Algebraic fractions are similar to regular fractions, but they contain algebraic expressions in the numerator and/or the denominator. Just like their numerical counterparts, the goal when working with algebraic fractions is to perform operations such as addition, subtraction, multiplication, division or solving equations. For example, in the given exercise, we have the algebraic equation \(\frac{x}{5}-\frac{1}{2}=\frac{x}{6}\). These fractions may appear daunting at first due to the presence of variables, but the process to solve them usually involves finding a common denominator, eliminating the fractions, and then solving the resulting linear equation..

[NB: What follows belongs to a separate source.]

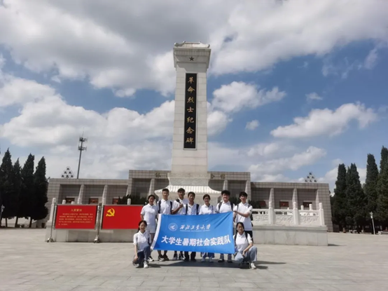 进入园区,一座雄伟而庄严的革命烈士纪念碑映入眼帘,巍峨地矗立在广场中央,令人肃然起敬。实践队在此领悟英雄们对理想与未来的美好追求,领悟共产党员为革命舍生忘死的坚定信念与斗争精神。
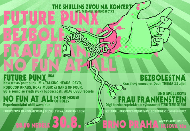 FUTURE PUNX (USA) - Brooklynská pětka přijíždí roztančit brněnskou Prahu svým osobitým mixem kapel TALKING HEADS, DEVO, ROBOCOP KRAUS,ROXY MUSIC či GANG OF FOUR. 80-tkový post punkový/new wave sound protkaný synth zvuky budoucnosti. Jak sama kapela uvádí snahou je skloubit jejich dvě lásky,kterými jsou punk rock a dance music. Živelnost, post punkové hrátky postavené na rytmice a výrazné groovy base jsou dohromady tmeleny klávesovými zvuky, které nahrávají decentní kytarové lince. Pulzující a zároveň značné hravá hudba Future Punx dává tušit, že tahle parta tvořena členy kapel Teenage Cool Kids / Fergus & Geronimo / Wax Museums se postará o nevšední letní brněnskou neděli. Nová deska vychází u Adagio830 records, které stojí za deskami Comadre, Aussitot Mort, Haram, ... https://futurepunx.bandcamp.com/ http://futurepunx.tumblr.com/ https://www.facebook.com/FuturePunx BEZBOLESTNÁ - Kraválový emocore, který uměly hrát jen kapely z HáKáče v čele s Themou 11. Najdeme tady ex-členy La Prosperité, Václav Klaus nebo Goodbye Blues. Na svém kontě má split s Peleton a zářež pro kompilaci Crooked to Death. Obé vyšlo na kazetě díky Stoned To Death records. http://bezbolestna.bandcamp.com/ FRAU FRANKENSTEIN UND SPŰLLBOYS - Digi hardcore /elektro se dvěma MC´s evokující výbušnou náladu ATARI TEENAGE RIOT. (Ex-)Členové a členka kapel Piča z hoven, Humen Steak, Průmyslová smrt, atd. http://bandzone.cz/fraufrankensteinundspullboy https://www.facebook.com/FrauFrankensteinUndSpullboy NO FUN AT ALL IN THE HOUSE OF DOLLS - Soundtrack pro ztracené duše. Experimentální chill wave duo největších fanoušků kapely VUM. Člen a členka MY DEAD CAT a PIČA Z HOVEN. https://nofunatall.bandcamp.com/releases https://www.facebook.com/pages/No-Fun-at-All-in-the-House-of-Dolls/850805001627465

To work effectively with algebraic fractions, one must understand operations with regular fractions, how to find a least common denominator (LCD), and how to simplify expressions. It's important to remember not to cross multiply immediately if there are more than two fractions or if they are part of a more complex equation. Instead, we first find a common factor that can eliminate all denominators when multiplied with each term.

The common denominator method is a foundational technique in algebra that is used to solve equations involving algebraic fractions. The key idea is to find a least common denominator (LCD) that can be used to eliminate the fractions. In our exercise, each fraction has a different denominator. To find an LCD we look for the least common multiple (LCM) of the denominators, which in this case are 5, 2, and 6. The LCM of these numbers is 30, so multiplying each term by 30 will clear the fractions and give us a simpler equation to solve.

When using this method, you multiply every term on both sides of the equation by the LCD. This step needs to be done carefully to ensure each term is treated equally to avoid mistakes. It's critical that the entire term, including its sign, is multiplied by the LCD. This approach transforms an equation with algebraic fractions into a linear equation which is often easier to solve.

Linear equations are equations of the first degree, meaning they contain variables that are raised only to the power of one. When the variables are isolated on one side, and the constants on the other, linear equations have the general form \(ax + b = 0\), where \(a\) and \(b\) are constants. Solving linear equations involves isolating the variable to find its value.

In our exercise, after eliminating the denominators and simplifying, we obtained a linear equation: \(6x - 15 = 5x\). To solve this, we follow a set of steps, such as combining like terms and isolating the variable. By subtracting \(5x\) from both sides, we simplify down to \(x = 15\), which is our solution. Remember, checking your answer by substituting back into the original equation is essential to ensure the solution is correct. To fully understand linear equations, practice solving them with different coefficients and constants, and soon the process will become more intuitive.